Top 5 field weight configurations:
================================================================================
#1 NDCG@5=0.7890 | title^3 body^1 code^0.5 api^10
    method_name    : 0.8900
    concept        : 0.7600
    error_message  : 0.7200
    config_key     : 0.8100
    how_to         : 0.7650

#2 NDCG@5=0.7845 | title^3 body^1 code^1.0 api^10
    method_name    : 0.8850
    concept        : 0.7550
    error_message  : 0.7300
    config_key     : 0.8050
    how_to         : 0.7500

#3 NDCG@5=0.7810 | title^5 body^1 code^0.5 api^10
    method_name    : 0.9100
    concept        : 0.7200
    error_message  : 0.7150
    config_key     : 0.8200
    how_to         : 0.7400

The Measurement

The grid search explores 80 weight combinations (5 x 1 x 4 x 4). Each combination requires running 50 queries against the test set. Total: 4,000 queries against a Testcontainers instance. At 15ms per query, the sweep completes in about 60 seconds.

The top-5 configurations cluster around title^3, api_method^10, and code_snippets^0.5. This makes intuitive sense: API method matches are the highest-signal results for the documentation platform, and code snippet matches are noisy (many documents contain similar code patterns).

The Decision Rule

Run the grid search when initially configuring field weights or after a significant change to the analysis pipeline. The sweep is cheap (60 seconds) and replaces hours of manual experimentation.

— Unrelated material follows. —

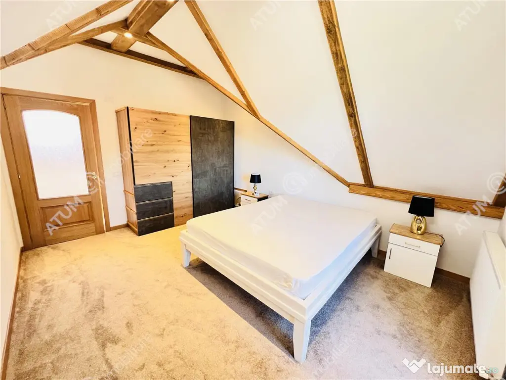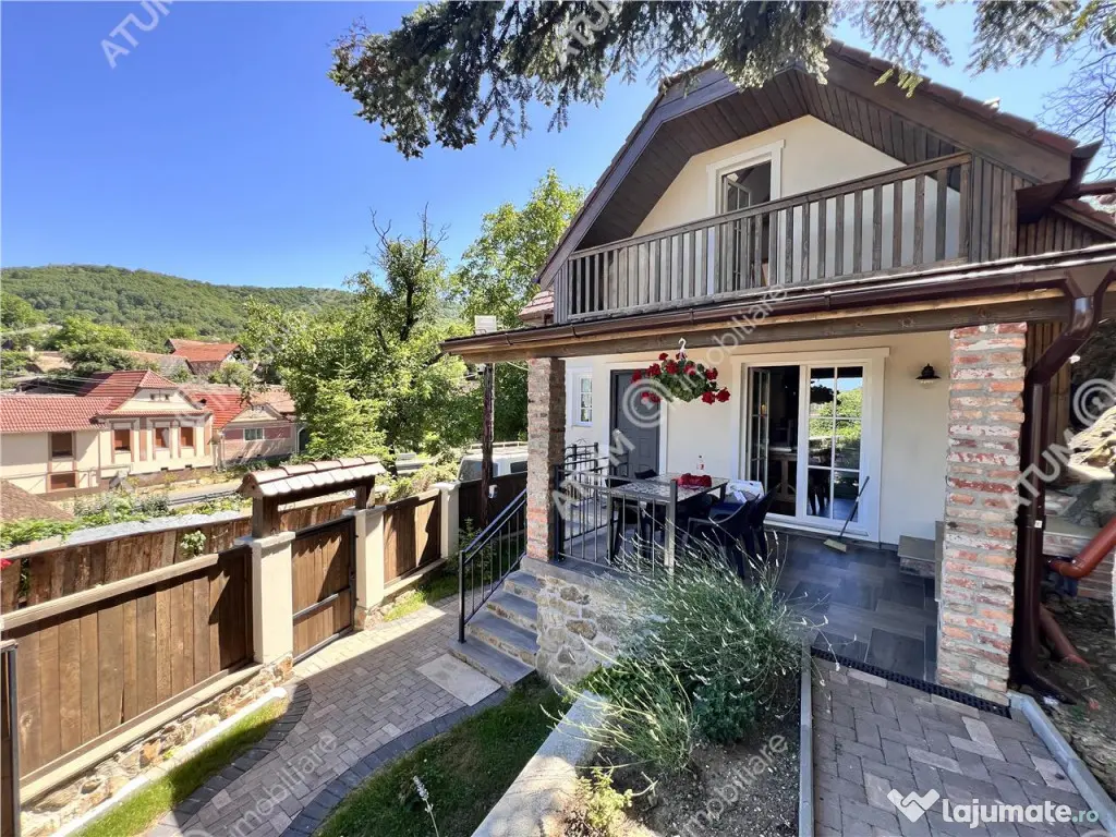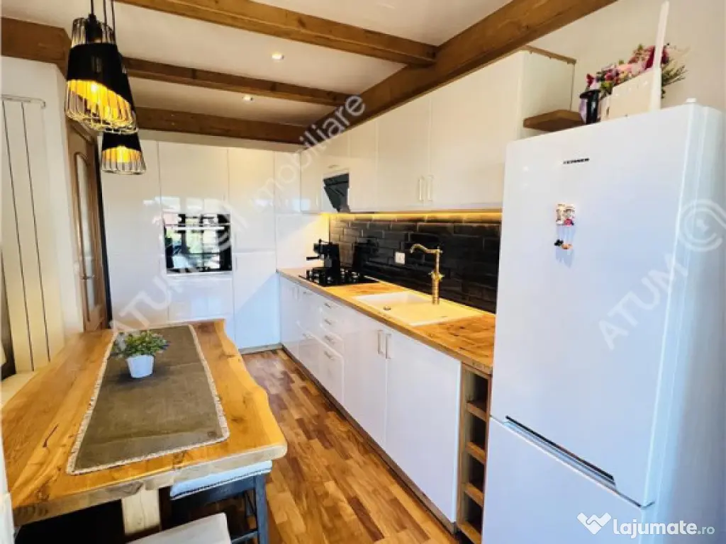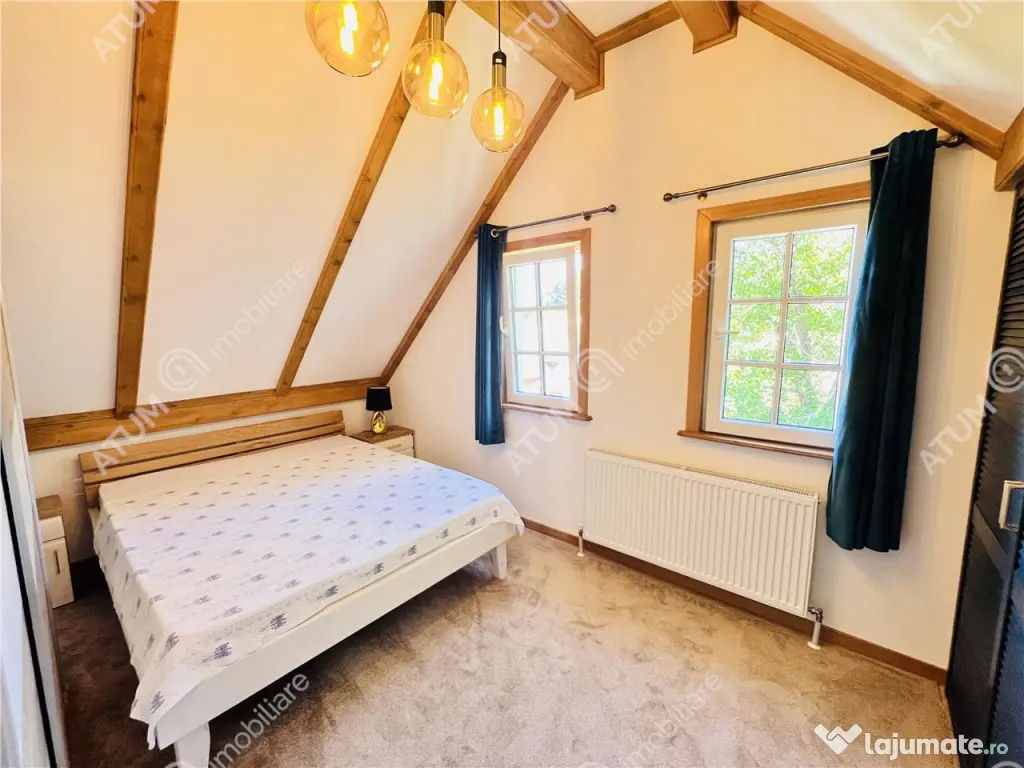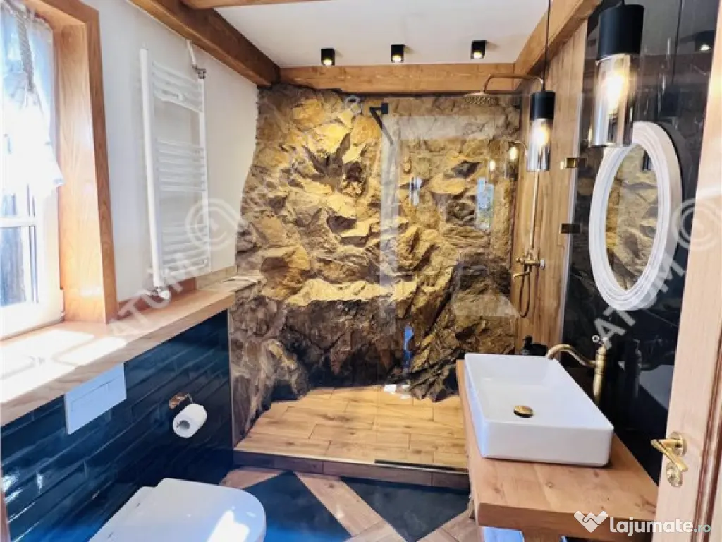 De vanzare casa individuala in Sibiel cu 3 camere, 2 bai, terasa, balcon, pivnita, amplasata pe un teren de aproximativ 176 mp. Constructia este noua de aproximativ 75 mp utili distribuiti pe parter si etaj, cu zidarie din caramida porotherm, izolata la exterior cu vata bazaltica, cu acoperis de tigla izolat cu vata bazaltica de 30. Compartimentarea este decomandata, la parter avand un hol dotat cu pantofar si cuier, livingul, bucataria si baia. La etaj suprafata este impartita in 2 camere dintre care una avand dressing propriu si o baie. Separat de suprafata utila, imobilul dispune de o terasa de 8 mp cu priveliste asupra satului turistic, un balcon, un beci si un spatiu pentru depozitare lemne. Curtea este amenajata peisagistic, terasata, cu banci si zona de gratar, jardiniere pentru plante, zone verzi, gradina. Locuinta a fost construita cu materiale de calitate precum podele din lemn masiv, tamplarie PVC, usi interioare premium din lemn, scara interioara de lemn. Baile sunt echipate cu obiecte sanitare, cea de jos este amenajata cu cabina de dus unde peretele stancii este integrat in constructie, iar baia de sus este dotata cu cada. bucataria este complet mobilata si echipata cu electrocasnice. Incalzirea imobilului se face cu centrala termica pe gaz, dar si cu semineu pe lemne. Proprietatea dispune de iluminat in curte si in fata portii cu panouri solare, supraveghere video si sistem de alarma. Locuinta se preda la cheie, gata de locuit sau de achizitionat ca investitie datorita localizarii acesteia intr-o zona foarte des frecventata turistic. Valoarea de achizitie a acesteia este de 190.000 euro. ID intern: 2787. Număr Băi: 2 Curent Apă Canalizare Gaz

Choose the configuration that maximizes overall NDCG@5 while maintaining acceptable per-category scores. If the top configuration has a category score below the CI threshold, choose the next configuration that satisfies all constraints.

Beware overfitting to the test set. If the top configuration scores 0.79 and the second-best scores 0.78, the difference is not significant. Choose the simpler configuration (closer to the current weights) unless the improvement is consistent across categories. The test set has 50 queries. The production query distribution has thousands of patterns. Small NDCG differences on 50 queries do not generalize.